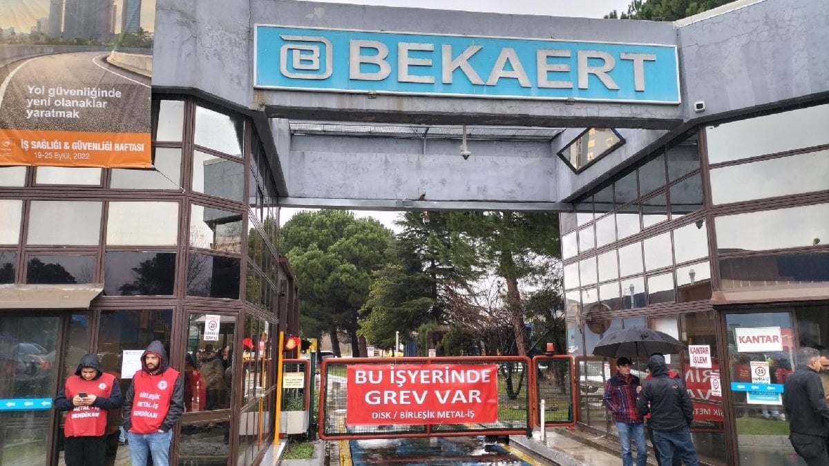 Bekaert fabrikalarında çalışan personeller, Cumhurbaşkanı kararıyla grevin yasaklanmasına karşın fabrika önünde grev çadırı kurarak aksiyon…
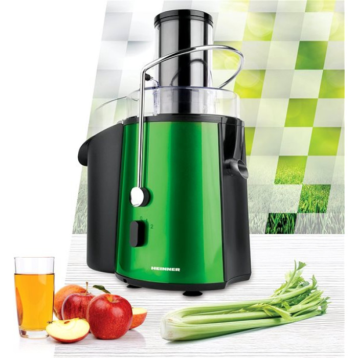 1000Вт, 2 швидкості, завантаження "цілком" шириною 75мм, обсяг резервуара для м'якоті: 2л, обсяг резервуара для соку: 1л, зелений
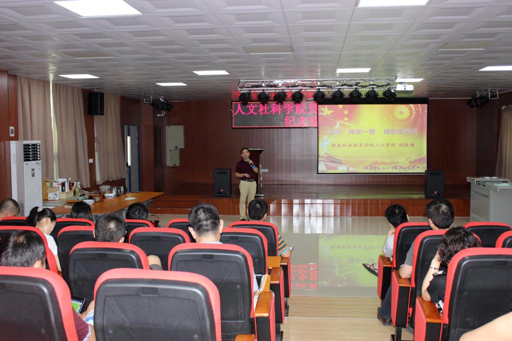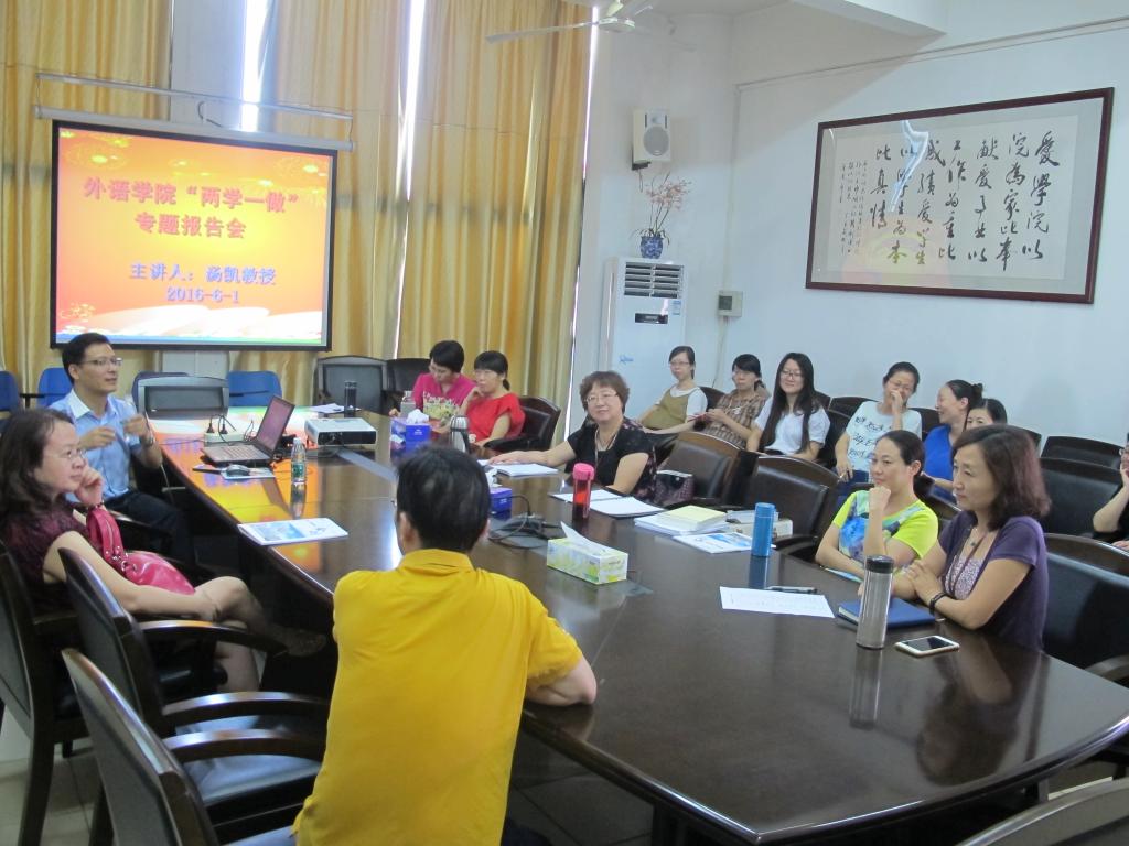6月1日下午,外语学院“两学一做”专题报告会在教学楼3栋501举行。报告会由外语学院党总支书记魏藏锋主持,邀请了我校“两学一做”讲师团成员、校党委宣传部汤恺部长作题为“认真学习党章增强党章意识 做有信仰的党员”专题讲座。外语学院全体教工党员、学生党员出席了本次活动。

• • • •

Brief: Omit the pictures, then retype the remaining material without a single change.

Reply to the task:
 Bekaert fabrikalarında çalışan personeller, Cumhurbaşkanı kararıyla grevin yasaklanmasına karşın fabrika önünde grev çadırı kurarak aksiyon…
 1000Вт, 2 швидкості, завантаження "цілком" шириною 75мм, обсяг резервуара для м'якоті: 2л, обсяг резервуара для соку: 1л, зелений
6月1日下午,外语学院“两学一做”专题报告会在教学楼3栋501举行。报告会由外语学院党总支书记魏藏锋主持,邀请了我校“两学一做”讲师团成员、校党委宣传部汤恺部长作题为“认真学习党章增强党章意识 做有信仰的党员”专题讲座。外语学院全体教工党员、学生党员出席了本次活动。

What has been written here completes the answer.